▶

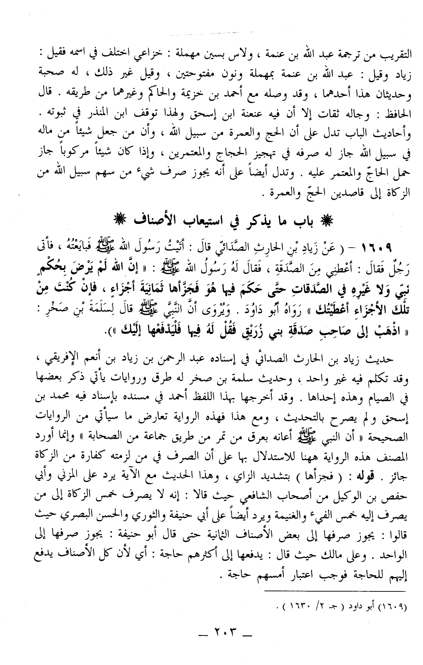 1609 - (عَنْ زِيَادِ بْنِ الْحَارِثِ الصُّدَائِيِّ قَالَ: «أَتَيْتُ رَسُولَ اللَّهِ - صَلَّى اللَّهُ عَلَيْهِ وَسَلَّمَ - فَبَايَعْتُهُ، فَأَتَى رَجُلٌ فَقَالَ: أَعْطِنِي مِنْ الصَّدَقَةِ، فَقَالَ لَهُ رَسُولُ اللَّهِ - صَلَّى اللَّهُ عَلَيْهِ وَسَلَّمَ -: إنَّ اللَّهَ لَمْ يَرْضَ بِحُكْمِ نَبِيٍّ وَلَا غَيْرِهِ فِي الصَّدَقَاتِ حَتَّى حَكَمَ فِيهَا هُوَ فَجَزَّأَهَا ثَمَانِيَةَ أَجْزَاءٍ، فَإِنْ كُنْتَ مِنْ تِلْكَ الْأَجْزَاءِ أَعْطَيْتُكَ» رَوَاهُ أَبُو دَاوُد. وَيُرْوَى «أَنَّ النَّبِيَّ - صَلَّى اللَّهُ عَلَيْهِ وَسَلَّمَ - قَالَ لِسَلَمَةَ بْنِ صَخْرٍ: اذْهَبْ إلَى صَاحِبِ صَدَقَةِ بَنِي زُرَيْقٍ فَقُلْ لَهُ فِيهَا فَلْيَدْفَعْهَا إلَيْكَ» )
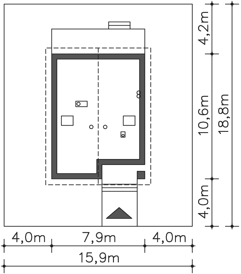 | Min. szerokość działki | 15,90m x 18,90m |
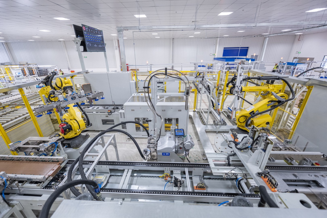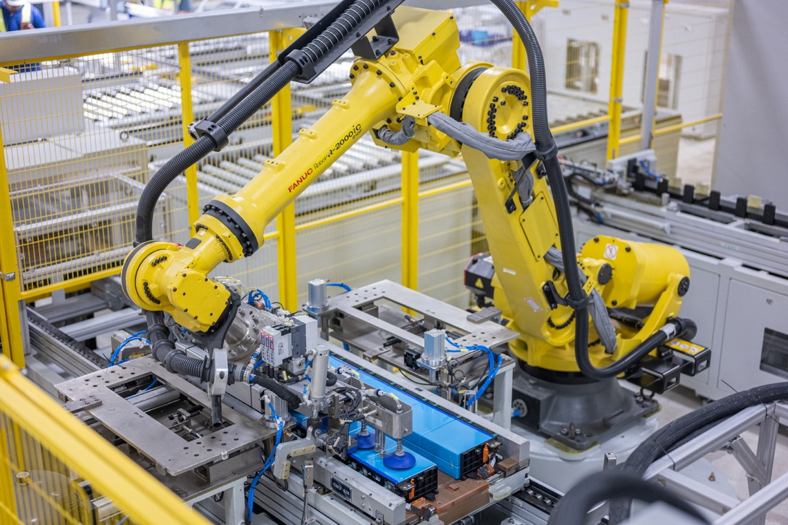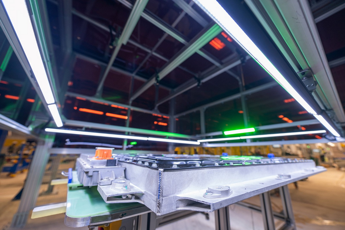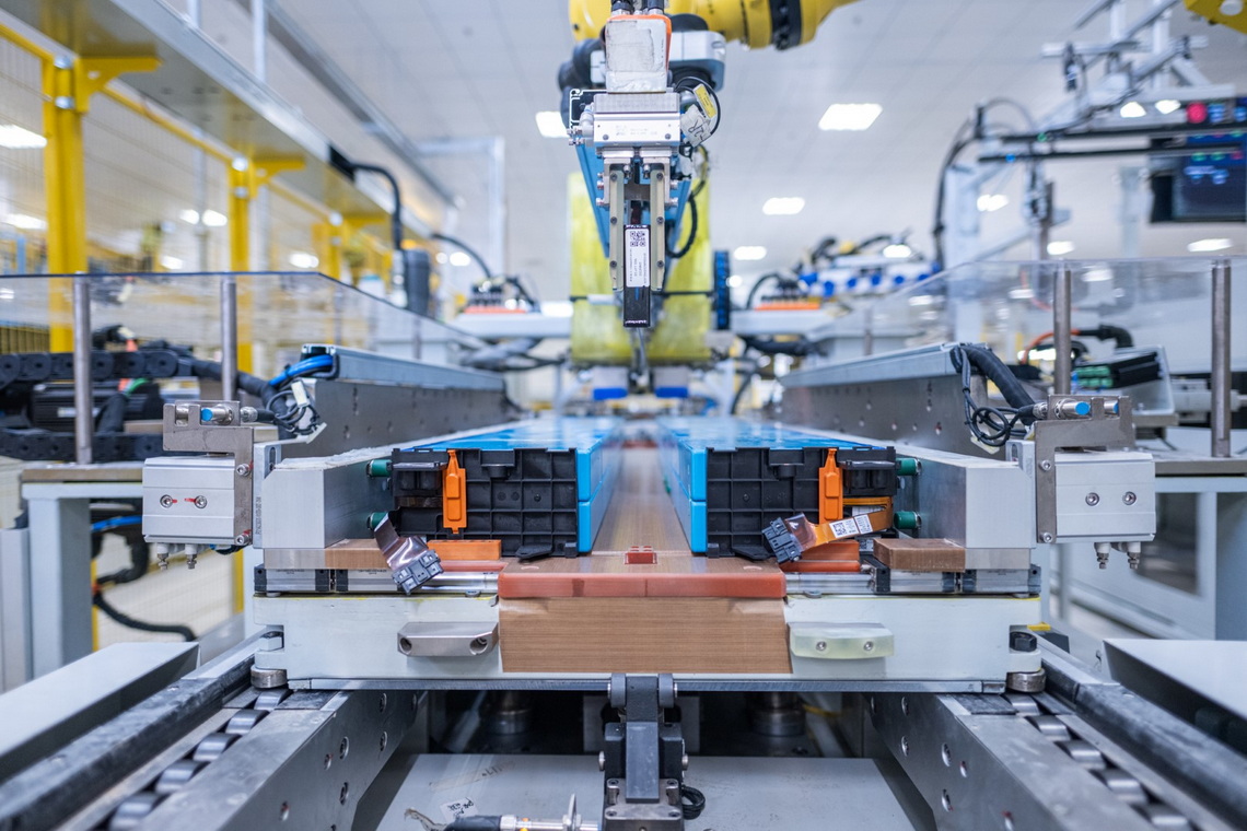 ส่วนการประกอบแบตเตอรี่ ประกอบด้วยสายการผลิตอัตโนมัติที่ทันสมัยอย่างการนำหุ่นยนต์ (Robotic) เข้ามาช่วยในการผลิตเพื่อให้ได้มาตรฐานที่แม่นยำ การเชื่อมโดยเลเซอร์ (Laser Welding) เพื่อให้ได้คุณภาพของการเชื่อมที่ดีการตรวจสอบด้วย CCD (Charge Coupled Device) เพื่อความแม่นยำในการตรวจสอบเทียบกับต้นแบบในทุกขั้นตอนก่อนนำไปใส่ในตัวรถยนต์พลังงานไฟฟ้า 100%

◀

## [Requirement]
With pictures left out, repeat exactly the lines from the one containing "15,90m x 18,90m |" through the last line of the data above, inclusive, and nothing else.

## [Result of this task]
 | Min. szerokość działki | 15,90m x 18,90m |
 ส่วนการประกอบแบตเตอรี่ ประกอบด้วยสายการผลิตอัตโนมัติที่ทันสมัยอย่างการนำหุ่นยนต์ (Robotic) เข้ามาช่วยในการผลิตเพื่อให้ได้มาตรฐานที่แม่นยำ การเชื่อมโดยเลเซอร์ (Laser Welding) เพื่อให้ได้คุณภาพของการเชื่อมที่ดีการตรวจสอบด้วย CCD (Charge Coupled Device) เพื่อความแม่นยำในการตรวจสอบเทียบกับต้นแบบในทุกขั้นตอนก่อนนำไปใส่ในตัวรถยนต์พลังงานไฟฟ้า 100%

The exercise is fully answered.